══ Provided material

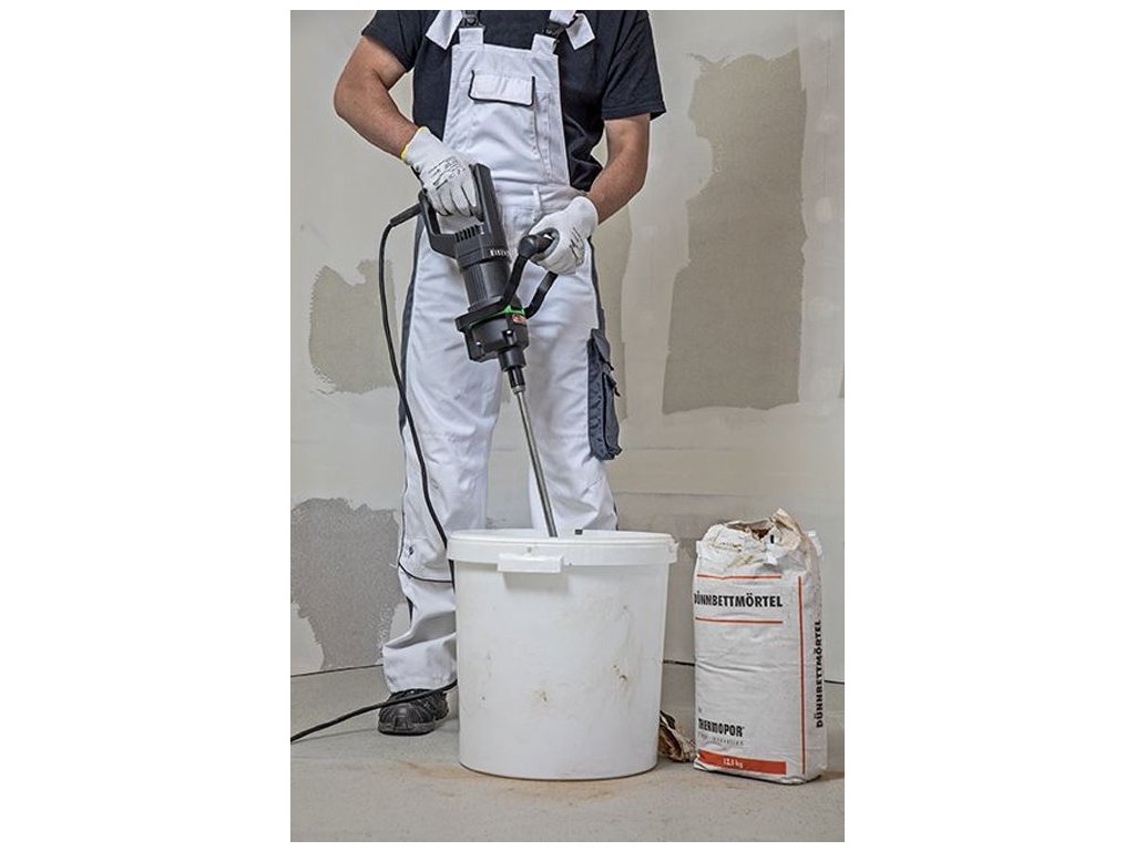 - Miešanie stavebných materiálov s nízkou a strednou viskozitou, napr. B. farby, lepidlá, tmely a vyrovnávacie hmoty, lepidlo na obkladačky, hotová malta
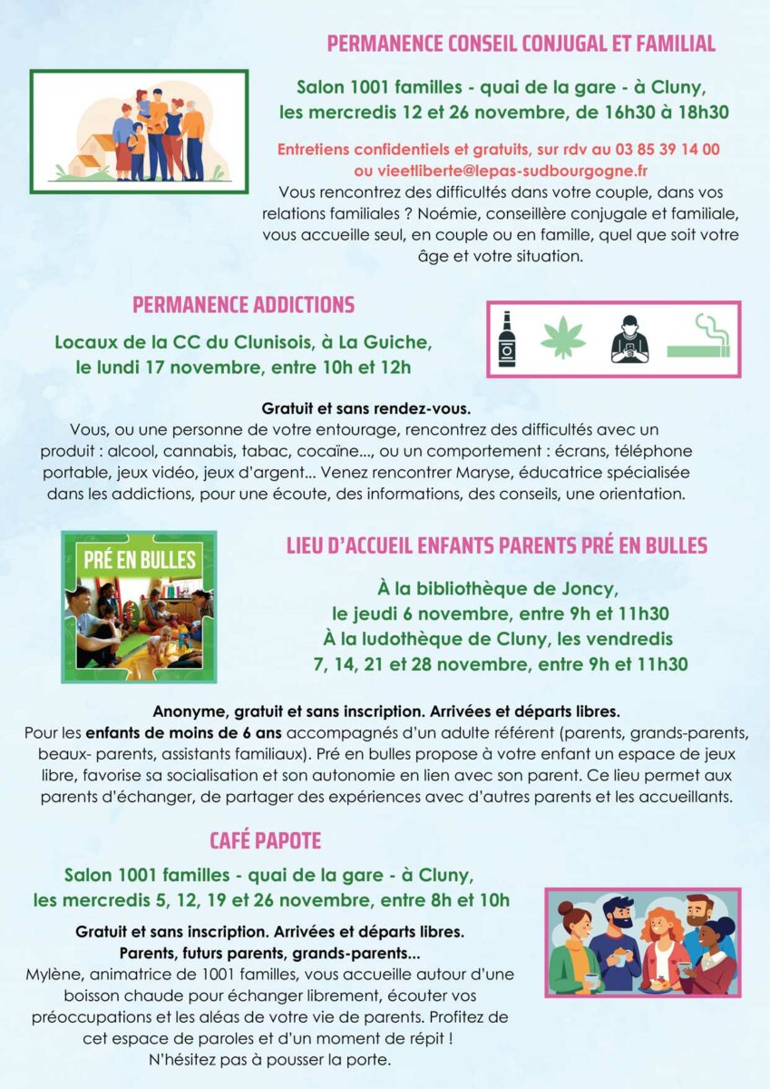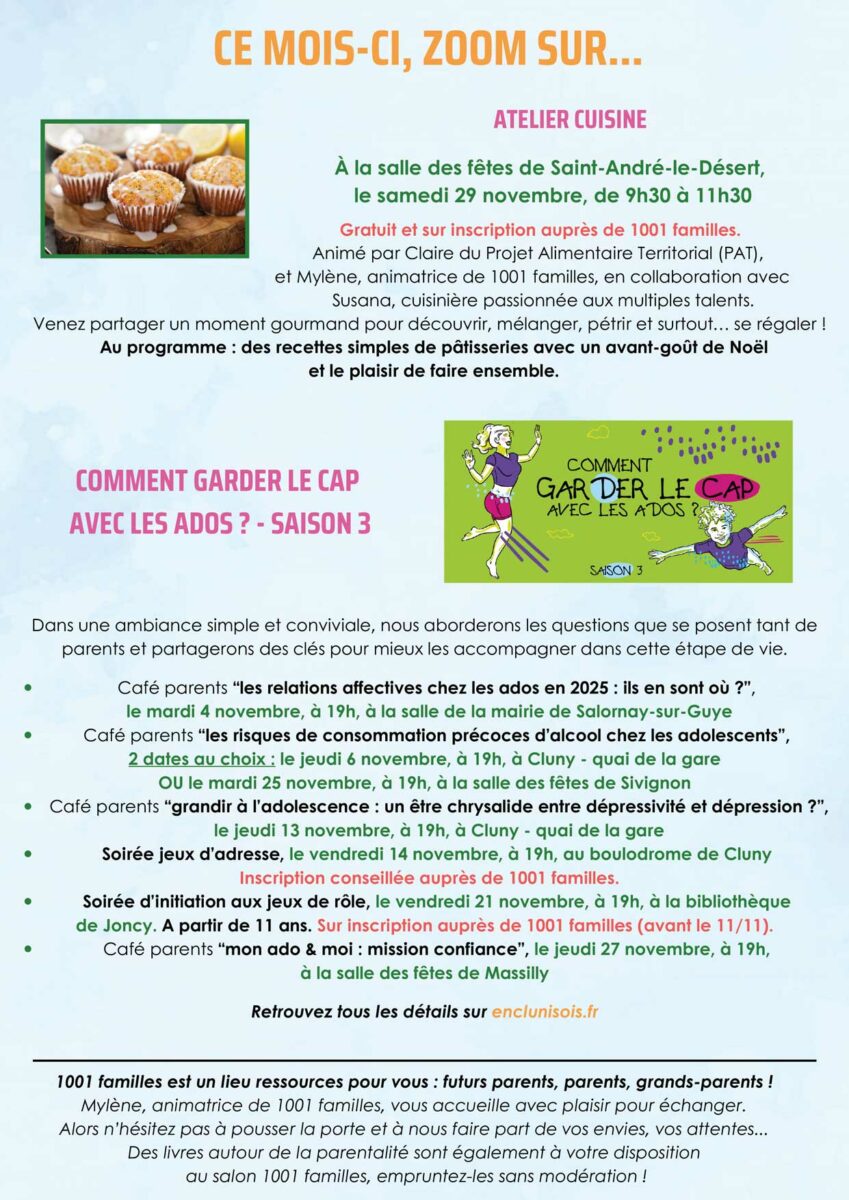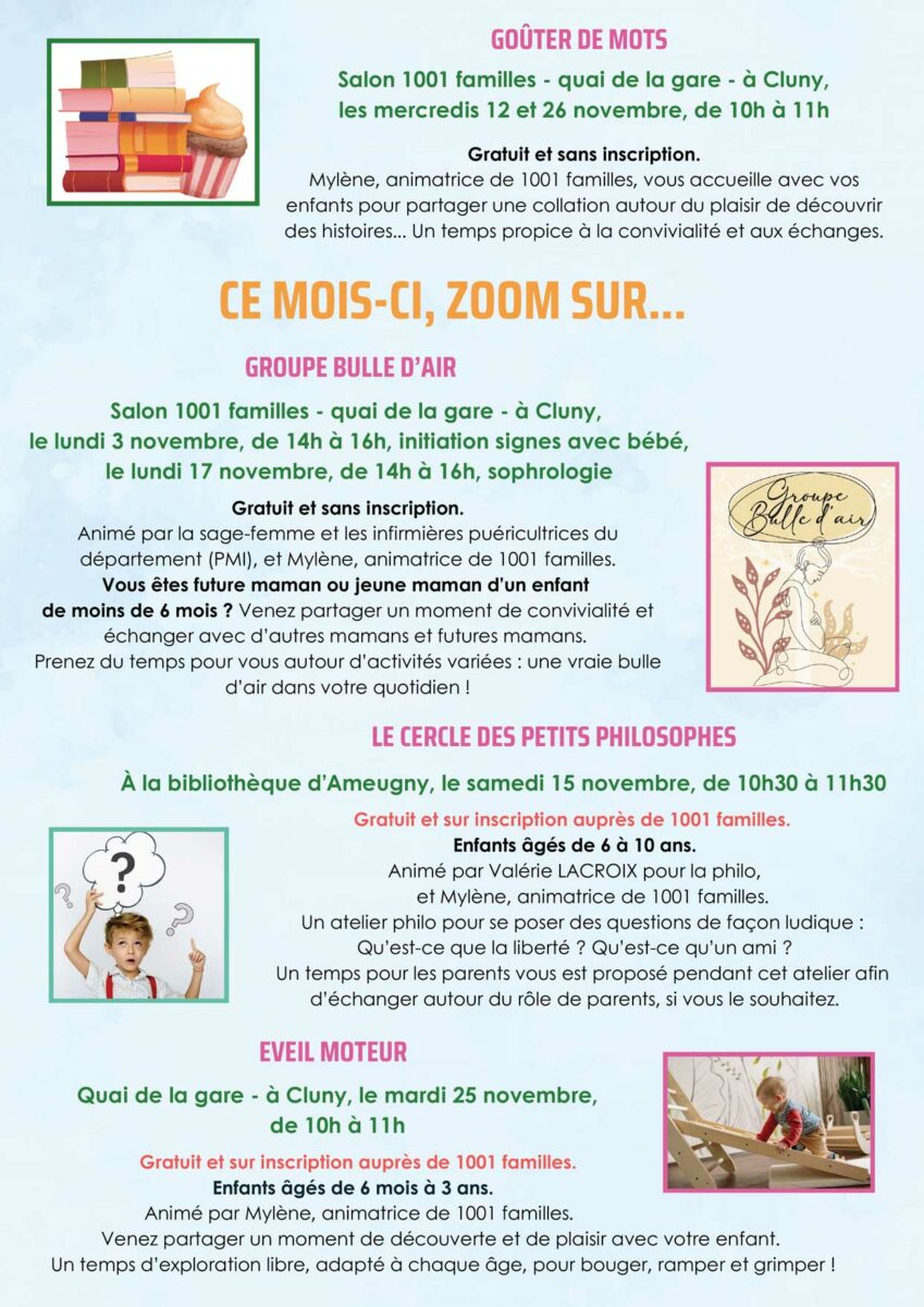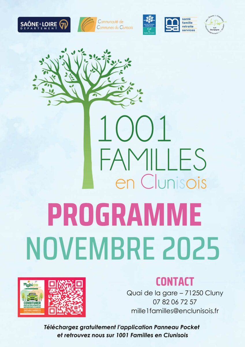 1001 Familles en clunisois, propose un éventail d’activités et de permanences pour les familles, les enfants et les jeunes du territoire. Voici le programme détaillé pour le mois de novembre 2025 :
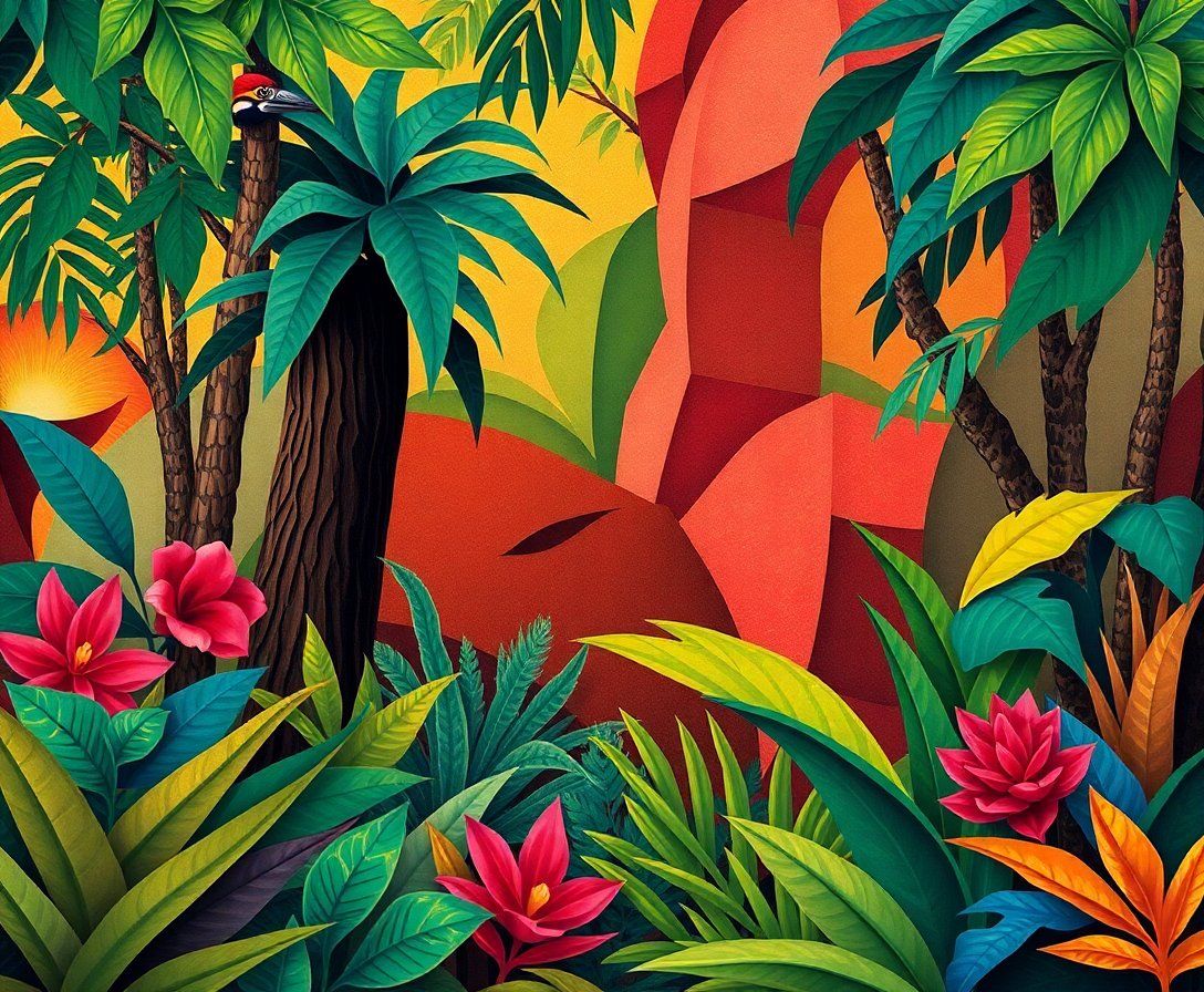 Ultimately, complete smaller details with the fine brush for perfect finishing touches. Allow proper drying time before displaying your masterpiece. Your geometric jungle creation will showcase impressive cubist techniques and tropical beauty.

════

▶ [What the task asks]: Without the pictures, give every line of the data again, exactly as written.

▶ [Your response]:
 - Miešanie stavebných materiálov s nízkou a strednou viskozitou, napr. B. farby, lepidlá, tmely a vyrovnávacie hmoty, lepidlo na obkladačky, hotová malta
 1001 Familles en clunisois, propose un éventail d’activités et de permanences pour les familles, les enfants et les jeunes du territoire. Voici le programme détaillé pour le mois de novembre 2025 :
 Ultimately, complete smaller details with the fine brush for perfect finishing touches. Allow proper drying time before displaying your masterpiece. Your geometric jungle creation will showcase impressive cubist techniques and tropical beauty.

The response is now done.